+++ EXERCISE MATERIALS +++
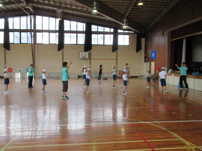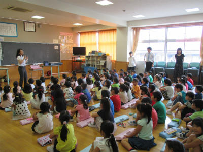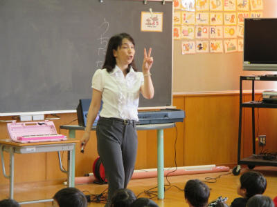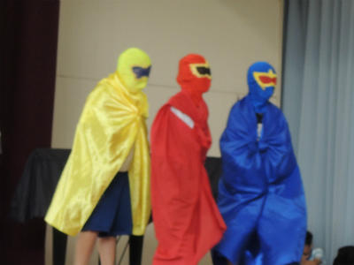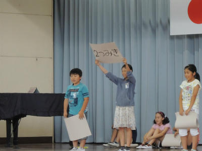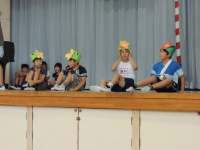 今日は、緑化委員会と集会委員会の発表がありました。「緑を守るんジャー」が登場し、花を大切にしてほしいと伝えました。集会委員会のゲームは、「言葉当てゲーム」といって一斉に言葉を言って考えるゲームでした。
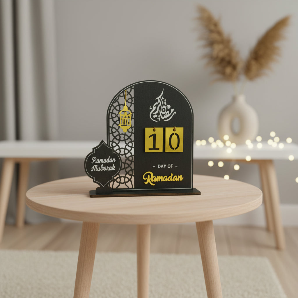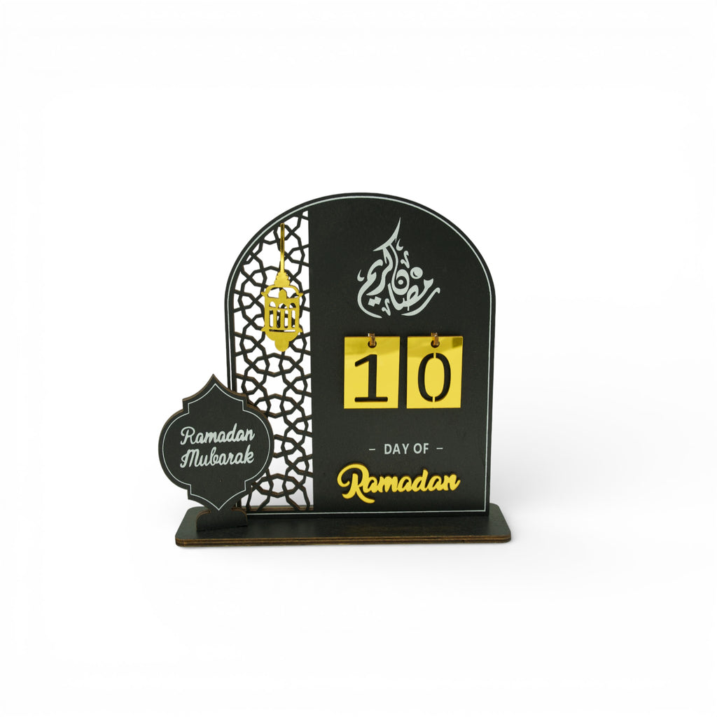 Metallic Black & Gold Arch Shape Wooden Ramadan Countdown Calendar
+++
+++ EXERCISE MATERIALS +++
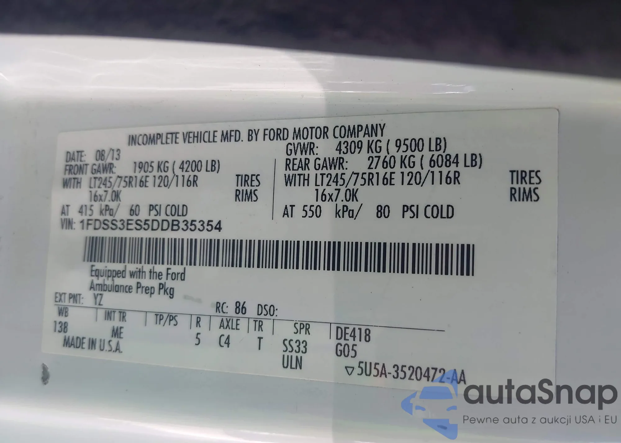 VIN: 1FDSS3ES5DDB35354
+++
> _ASSIGNED TASK_
For this exercise, please set down exactly the lines of the listing above from the line with "今日は、緑化委員会と集会委員" up to and including the line with "Metallic Black &", and no pictures.

> _TASK SOLUTION_
 今日は、緑化委員会と集会委員会の発表がありました。「緑を守るんジャー」が登場し、花を大切にしてほしいと伝えました。集会委員会のゲームは、「言葉当てゲーム」といって一斉に言葉を言って考えるゲームでした。
 Metallic Black & Gold Arch Shape Wooden Ramadan Countdown Calendar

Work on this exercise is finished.